# What is the longest distance that a homing pigeon has flown home?



## droper (Apr 27, 2011)

What is the longest distance that a homing pigeon has flown home from a race? or maybe an escaped bird


----------



## johnnyksspeedshop (Oct 12, 2007)

Im not sure, but a Hmong kid here in town sent a white race to his cousin in california, and his cousin tried to settle it in CA a year later, then 6 months after that it joined the original owners kit of rollers when they were flying.


----------



## re lee (Jan 4, 2003)

I know many years ago a bird was sold to a south america loft It escaped and flew the 2200 miles home That was wrote about in several old articles. Then Trenton based racing pigeons were known and raced in 1000 to 1200 mile races.


----------



## whytwings (Feb 12, 2011)

re lee said:


> I know many years ago a bird was sold to a south america loft It escaped and flew the 2200 miles home That was wrote about in several old articles. Then Trenton based racing pigeons were known and raced in 1000 to 1200 mile races.

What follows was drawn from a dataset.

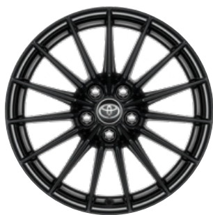
18" kola z lehkých slitin, pneumatiky 225/40 R18 Standardně pro verzi Dynamic

Thats pretty amazing stuff !


----------



## Feathered Dragons (Oct 15, 2010)

About a year ago I had someone break into my loft and most of my birds got out. All but one cock came back. I figured they didn't make a break for home since they were on young and eggs. The Cock that took off flew back to Nebraska which was about 1200 air miles from my place in PA. Now it took him 3 weeks but he did make it. He didn't live much longer though, I guess it was his last hoorah.


----------